To try and model this I have listed combinations of all the $x_i$ written as equations to represent intersections and differences, where

  • $x_j-x_k$ represents the difference of $x_j$ with $x_k$ (i.e. elements in $x_j$ that are not in $x_k$)
  • $x_j+x_k$ represents the intersect of $x_j$ and $x_k$ (i.e. elements in both $x_j$ and $x_k$)

I assumed that there must also be the additional constraint that at least one $x_i$ must be positive in each equation.

For example, for two sets:

$x_1 \hspace{0.5cm} +ve$ $x_2 \hspace{0.5cm}+ve$
$x_1+x_2$ $x_2+x_1$
$x_1-x_2$ $x_2-x_1$

Now $x_1+x_2=x_2+x_1$ which leaves us with 3 unique combinations.

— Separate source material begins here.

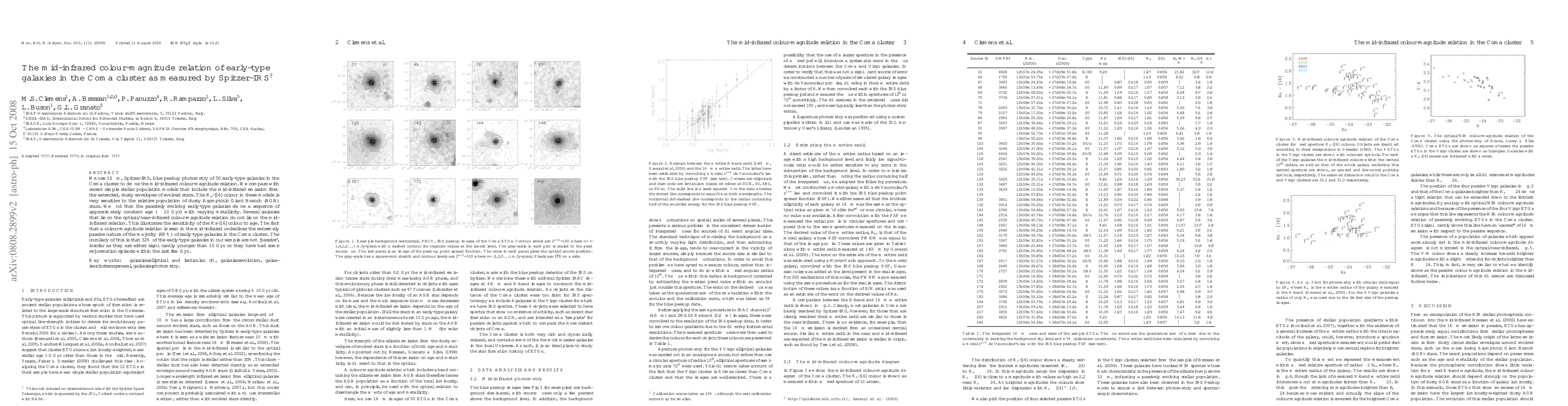 The paper presents a detailed analysis of mid-infrared colour-magnitude relations for early-type galaxies in the Coma cluster, utilizing Spitzer-IRS data and comparing with stellar population models to disentangle age and metallicity effects.

My thinking: For $x_i...x_n$, taking the first $x_i$ to be positive leaves us with $2^{n-1}$ choices ($n-1$ sets left, each can be positive or negative). Permuting and doing this for each $x_i$ gives $n2^{n-1}$.

Now I can see that there will always be $n$ equations where each $x_i$ is positive, so we will have here $n-1$ repititions. I.e. for $n=3$ $$x_1+x_2+x_3\\ x_2+x_3+x_1\\ x_3+x_2+x_1$$

Which gets me to $$n2^{n-1}-(n-1)$$

Now considering $n>2$, we also are going to get repetitions when permuting equations where there is more than one $x_i$ of the same sign, e.g.

$$x_a+x_b+x_c-x_d=\color{green}{x_b+x_c-x_d+x_a}=\color{blue}{x_c-x_d+x_a+x_b}$$

I think we can ignore this using a sum of combinations, i.e.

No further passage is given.